Why do you think partnerships and ambassadors in the luxury world are so important to driving brand identity?

Basically, it depends on the brand. Yes, at IWC, we also worked with brand ambassadors, but for example, we never used them in advertising. Brand ambassadors can work really well for a short time and they work well in Asia particularly, where people like to make the connection between a person and a product, less so in Europe. Then brand ambassadors are also a slightly risky game because you never know what the brand ambassador might get up to. Quite frankly, first of all, they’re also going to get older and then perhaps are not that much in fashion with your client group or whatever, or there might be some scandals surrounding an ambassador and your brand might find itself in a very difficult situation.
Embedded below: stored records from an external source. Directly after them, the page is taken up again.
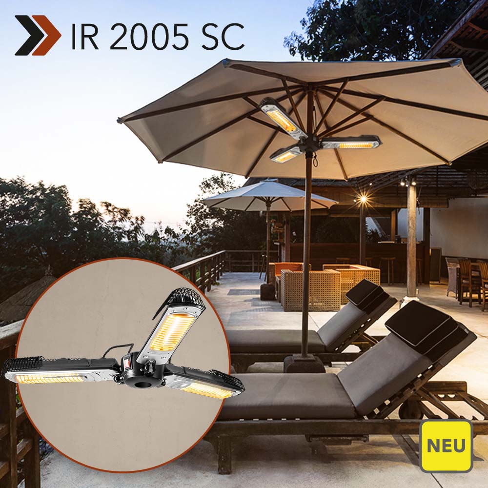 Mit dem neuen Infrarot-Heizstrahler IR 2005 SC erweitern Sie die Einsatzmöglichkeiten Ihres Sonnenschirms auch an kühlen Tagen. Denn der pfiffig konstruierte 3-Flügel-Heizstrahler wurde speziell für die unkomplizierte Befestigung unter nahezu jedem Sonnen- oder Gastroschirm entwickelt. So lassen sich Sitzgruppen im Garten, Tische in der Außengastronomie oder Stehtische auf Outdoor-Events und -Messen mit angenehmer Rundumwärme versorgen – ohne dabei zusätzlich Platz in Anspruch zu nehmen. Und selbstverständlich überzeugt das durchdachte Design des neuen Schirm-Heizstrahlers auch hinsichtlich Ästhetik, Funktionalität und Sicherheit.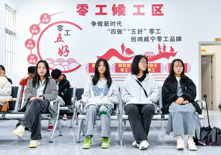 职业学校的学生在贵州省威宁县人力资源服务产业园等待招聘会开始(7月19日摄)。新华社记者 杨文斌 摄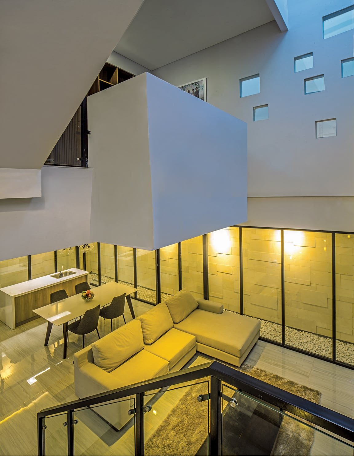 Dinding bagian muka dibuat tidak full. terdapat celah 60cm, dibuat bercelah agar cahaya matahari dapat masuk ke area ruang keluarga, membentuk ambiance ruang yang nyaman dengan pencahayaan alami. Ruang keluarga dan ruang makan dijadikan satu untuk memberikan kesan luas dan moderen. Sementara partisi kaca yang dapat dibuka dipasang sebagai pembatas ke taman di halaman belakang untuk memaksimalkan cahaya dan penghawaan alami ke ruang dalam bangunan. Dengan demikian, rumah ini seakan terdiri dari beberapa bagian yang dibedakan dalam bentuk berlainan, memberikan penyelesaian yang seimbang.

Especially if you’re using the face as the face of the brand. At IWC, we tended to use the ambassadors on a more second-degree level. At event to support the brand. Within special stage production such as theatre shows and so on. We never relied purely on the celebrity factor. It didn’t really match the brand so well. I think it matches more feminine brands better, especially Asian consumers love looking at movie stars and tend to copy their style and taste and so on. Men tend to do that less.
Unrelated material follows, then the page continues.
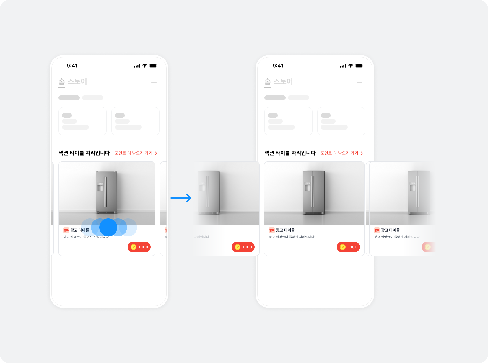 캐러셀 광고 아이템 사이의 여백을 조절하려면, 앞뒤 광고 아이템을 부분적으로 노출하기에서 설정했던 spacing 값을 적절히 조절합니다.

Explain the approach to partnering. For example, you mentioned how IWC partnered with Mercedes Benz in the engineering world that you developed. How crucial is it to drive those partnerships to maintain or build the brand identity?

The partnerships only work as well as they get lived by both sides. If you just stick the label of one brand onto the other brand and think that’s going to work, it might not. I’m not going to mention which brands I think but some brand partnerships in the watch world don’t necessarily always make too much sense. If you have a car brand and a watch brand, first of all, your clientele has to be relatively similar or share the same type of values. If you have a very high-end car brand and a medium luxury watch brand, that won’t necessarily work. You really need to look that your clients are aligned. Then if it’s just a transfer of logos, people look through that right away. They also want to see that the partner uses elements of the other brand. For example, Mercedes Benz, on the dashboard clocks on the very high-end models such as Maybach and AMG, it’s an IWC clock face. It’s not a manually wound watch, of course, because it’s a car, but it is still a watch that looks like the IWC watch. It has to go both ways. That’s important.
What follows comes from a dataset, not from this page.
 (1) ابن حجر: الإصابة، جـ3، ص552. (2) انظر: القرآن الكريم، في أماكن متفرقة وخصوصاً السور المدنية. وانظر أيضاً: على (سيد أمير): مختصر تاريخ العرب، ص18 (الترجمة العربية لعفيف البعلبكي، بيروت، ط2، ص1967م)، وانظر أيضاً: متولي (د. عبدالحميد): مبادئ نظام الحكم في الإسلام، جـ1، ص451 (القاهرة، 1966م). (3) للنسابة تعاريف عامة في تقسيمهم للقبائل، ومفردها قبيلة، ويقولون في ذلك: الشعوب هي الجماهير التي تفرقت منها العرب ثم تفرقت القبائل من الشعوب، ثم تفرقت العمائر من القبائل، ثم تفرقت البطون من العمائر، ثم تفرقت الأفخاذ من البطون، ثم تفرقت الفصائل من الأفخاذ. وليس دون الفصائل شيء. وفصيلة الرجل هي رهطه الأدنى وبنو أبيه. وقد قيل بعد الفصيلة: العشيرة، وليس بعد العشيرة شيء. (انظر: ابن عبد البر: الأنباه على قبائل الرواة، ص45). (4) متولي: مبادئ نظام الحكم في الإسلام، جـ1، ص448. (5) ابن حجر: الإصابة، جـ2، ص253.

What are the terms or commercial relationships typically in these partnerships?

Ideally, if both brands profit from it, then it normally flows. Basically, it depends on the partnership. A true partnership where both are set to profit between two companies, for example, there should be no need for one to pay the other. If, of course, you have a partnership with a type of charitable society, such as the Galapagos Island Foundation or the Charles Darwin Foundation that we worked with, then, of course, the brand will donate quite substantial amounts of money to these organizations. That in turn provide content because of the projects they will be able to finance with money they get from the brand. To provide more content to the brand and credibility. People that would buy a special edition that benefits the Galapagos Island Charles Darwin Foundation, they would be able to see concrete projects where the money paid by IWC to the foundation was put to charitable uses. It adds to the credibility.

With a straight corporate to corporate partnership, do you share the marketing expense or do you just agree on where you’re going to use each brand or how does that negotiation typically flow?

Yes, that, of course, gets planned very precisely. Are you going to use it in printed advertising? Are you going to use it for public relation purposes only or event driven and whatever? If it’s a true partnership, it should really transcend all the disciplines of marketing to make proper sense. If it only makes sense for an event or only makes sense for print or public relations, then it’s probably not good enough. It should really make sense in all types of communication tools. Otherwise, in my opinion, it wouldn’t really be worthwhile.